* [Exercise goal]
Reproduce exactly only the lines from the line that holds "많은 분야에서 협력해왔다." to the line that holds "Finish: Satin Nickel", inclusive, in the listing below, and please leave out every picture.
========================================
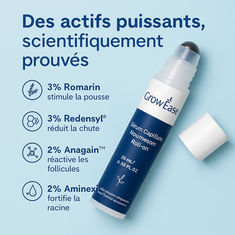 Absolument ! GrowEase, c'est bien plus qu'un simple sérum. En stoppant la chute et en boostant la pousse, il vous aide à redécouvrir la force et la densité de vos cheveux. Imaginez-vous avec une chevelure qui reflète votre vraie signature, celle qui vous donne cette allure confiante et cette fierté chaque matin. C'est le coup de pouce que vous méritez pour vous sentir pleinement vous-même, sans compromis.
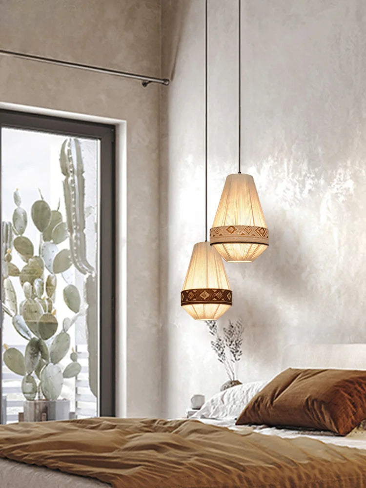 Lustre bohème en tissu tissé avec corde en coton et lin
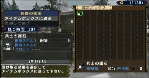 この二つはクエストクリア後にすぐさま鑑定されて、なぞのお守りは護石という新しい装備品になり、さびた塊は武器になりました。
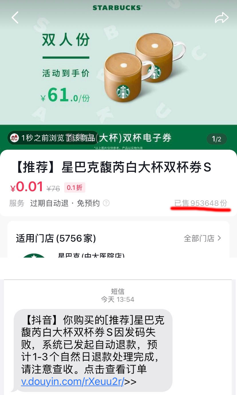央廣網(wǎng)記者注意到,23日有多名網(wǎng)友在社交平臺微博反饋,星巴克近日在某平臺推出0.01元購2杯馥芮白咖啡券團(tuán)購活動,賣出95萬多單。但是不少消費(fèi)者表示搶券后,發(fā)現(xiàn)無法兌換,被星巴克自動退款了。
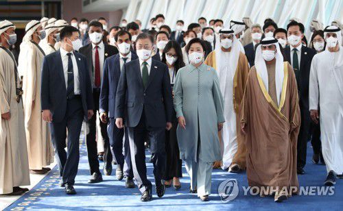 문 대통령은 "양국은 각별한 우정으로 국방, 방산, 보건 등 많은 분야에서 협력해왔다. 아크부대와 바라카 원전은 양국의 굳건한 연대와 신뢰를 상징한다"며 "서울대병원이 운영하고 있는 셰이크 칼리파 전문병원은 양국의 우정을 더 크게 키우고 있다"고 했다.
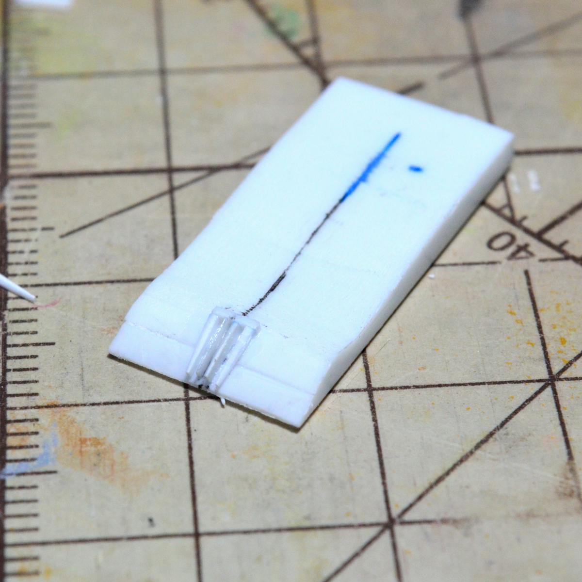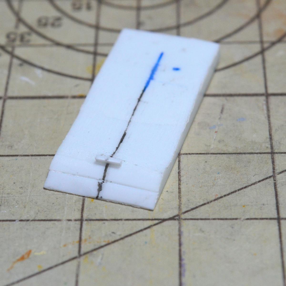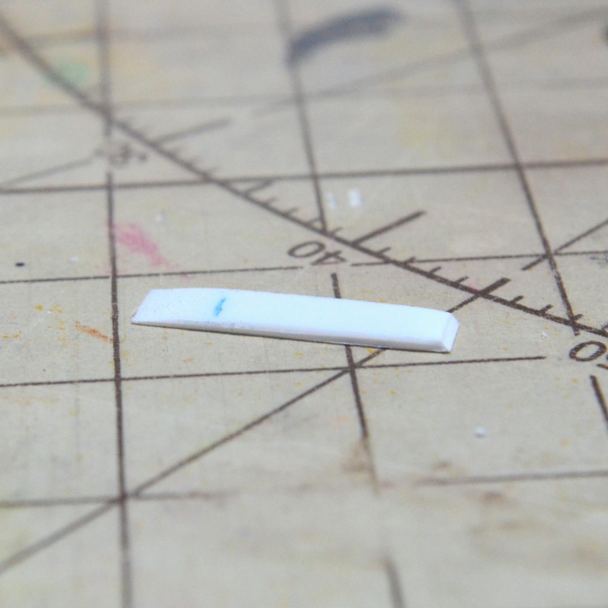 0.5mmのプラ板なのですが、端っこから3mmのところ(実物の爪の長さが約3cmなのでその10分の1)に線を引いています。
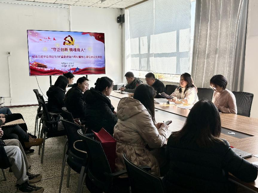 召开“守正创新 铸魂育人—纪念习近平总书记3·18重要讲话六周年暨核心课程建设交流会”。学院领导班子和全体思政课教师参加会议,会议由学院院长于浚湜主持。
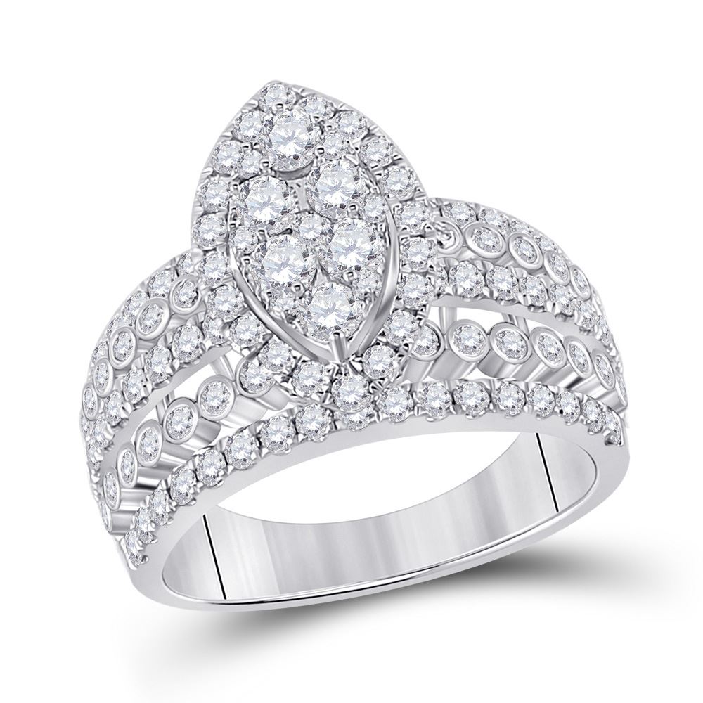 14kt White Gold Womens Round Diamond Marquise-shape Cluster Ring 1-3/4 Cttw
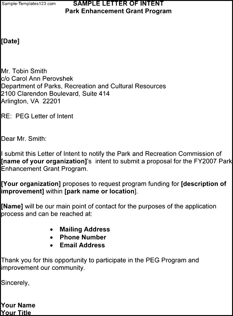 Letter of Intent Template Free :
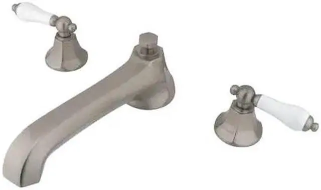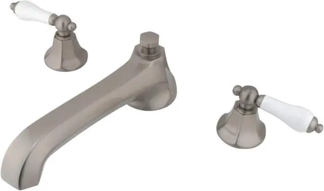 Finish: Satin Nickel Finish; Material: Brass; Country Of Origin: Taiwan, Roc; Theme: Contemporary / Modern; Faucet Holes: 3; Valve Type: 1/4 Turn Ceramic Disc Cartridge; Faucet Centers: 8, 16; Spout Height: 3.75; Spout Reach: 8.50; Spray Settings: 1; Spray Pattern: Normal; Handle Style: Porcelain Lever; Handles Included: Yes; Number Of Handles: 2; Escutcheon: No; Pullout Spray: No; Sidespray: No; Soap Dispenser: No;
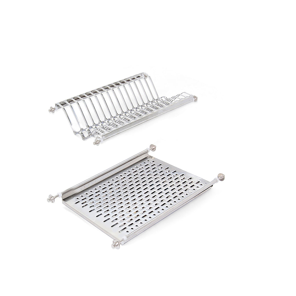Abtropfgestell mit zwei Ebenen und Tropfschale, komplett aus Edelstahl (Gitterroste und Gläser aus Edelstahl AISI 430 und Tropfschale aus Edelstahl AISI 304). Verbessern und optimieren Sie die Ordnung von Geschirr und Gläsern in Küchenmöbeln. Die Installation ist sehr einfach und die Befestigung am Möbelstück sehr widerstandsfähig: Montage mittels 8 seitlicher Stifte, die das Tablett an das Möbelstück anpassen.
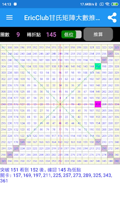 依據台灣甘氏矩陣圖研究會所出版的 "甘氏矩陣圖-新價格推算" 內所描述的大數推算準則來開發出的工具
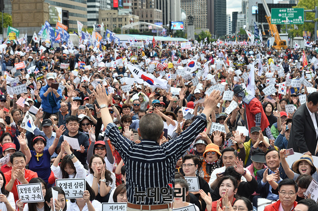 황교안 자유한국당 대표가 3일 오후 서울 광화문 광장에서 열린 '문재인정권 헌정유린중단과 위선자 조국파면 촉구대회'에 입장해 지지자들에게 인사하고 있다.
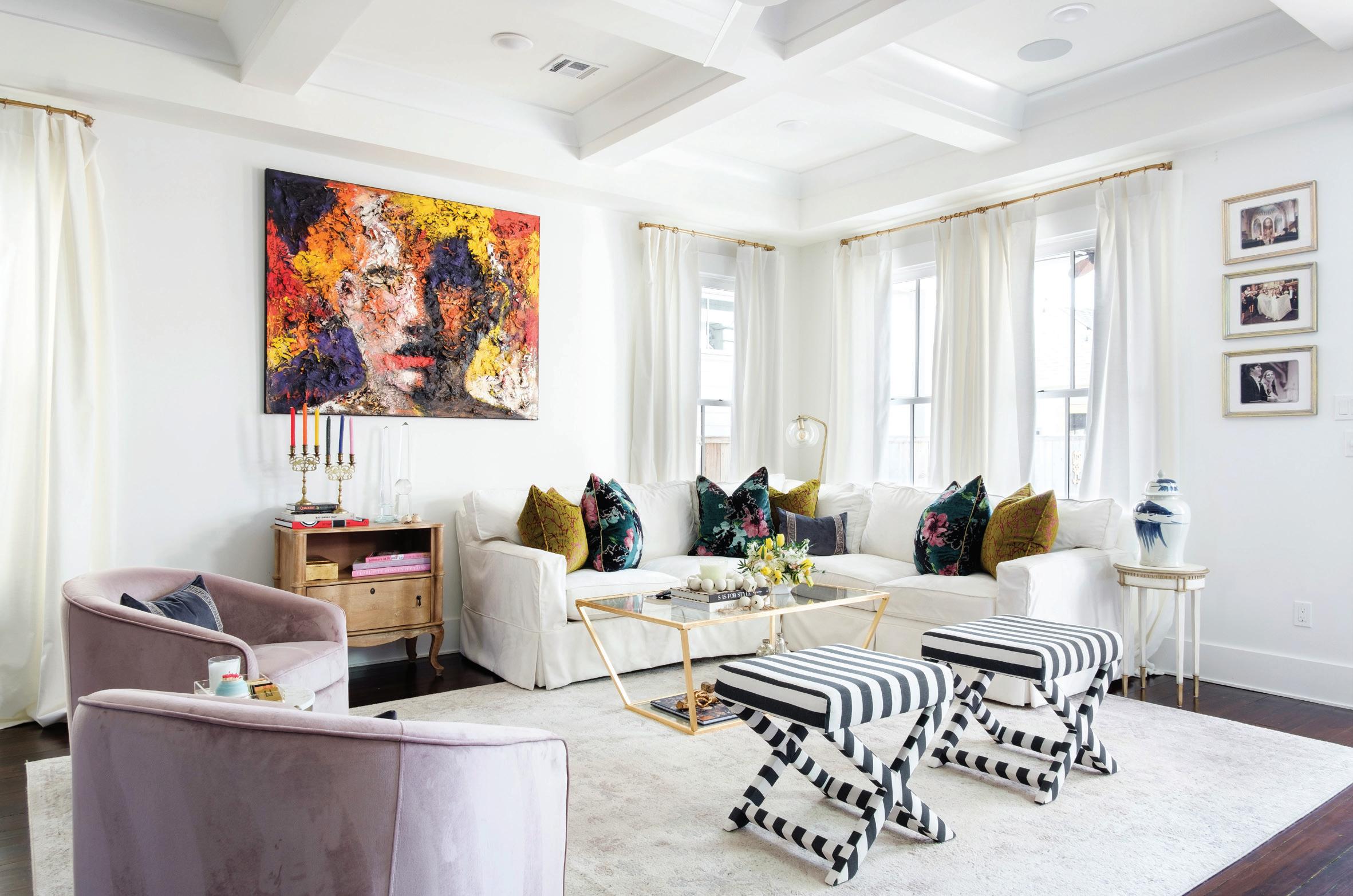 A large painting by New Orleans artist Harouni takes center stage. Megan mixed Restoration Hardware window treatments with vintage side tables, bench seating by The Inside, custom pillows by Megan Evans Interiors, and unique objects like candelabras from Estately NOLA.
========================================
* [Answer for this exercise]
 문 대통령은 "양국은 각별한 우정으로 국방, 방산, 보건 등 많은 분야에서 협력해왔다. 아크부대와 바라카 원전은 양국의 굳건한 연대와 신뢰를 상징한다"며 "서울대병원이 운영하고 있는 셰이크 칼리파 전문병원은 양국의 우정을 더 크게 키우고 있다"고 했다.
 0.5mmのプラ板なのですが、端っこから3mmのところ(実物の爪の長さが約3cmなのでその10分の1)に線を引いています。
 召开“守正创新 铸魂育人—纪念习近平总书记3·18重要讲话六周年暨核心课程建设交流会”。学院领导班子和全体思政课教师参加会议,会议由学院院长于浚湜主持。
 14kt White Gold Womens Round Diamond Marquise-shape Cluster Ring 1-3/4 Cttw
 Letter of Intent Template Free :
 Finish: Satin Nickel Finish; Material: Brass; Country Of Origin: Taiwan, Roc; Theme: Contemporary / Modern; Faucet Holes: 3; Valve Type: 1/4 Turn Ceramic Disc Cartridge; Faucet Centers: 8, 16; Spout Height: 3.75; Spout Reach: 8.50; Spray Settings: 1; Spray Pattern: Normal; Handle Style: Porcelain Lever; Handles Included: Yes; Number Of Handles: 2; Escutcheon: No; Pullout Spray: No; Sidespray: No; Soap Dispenser: No;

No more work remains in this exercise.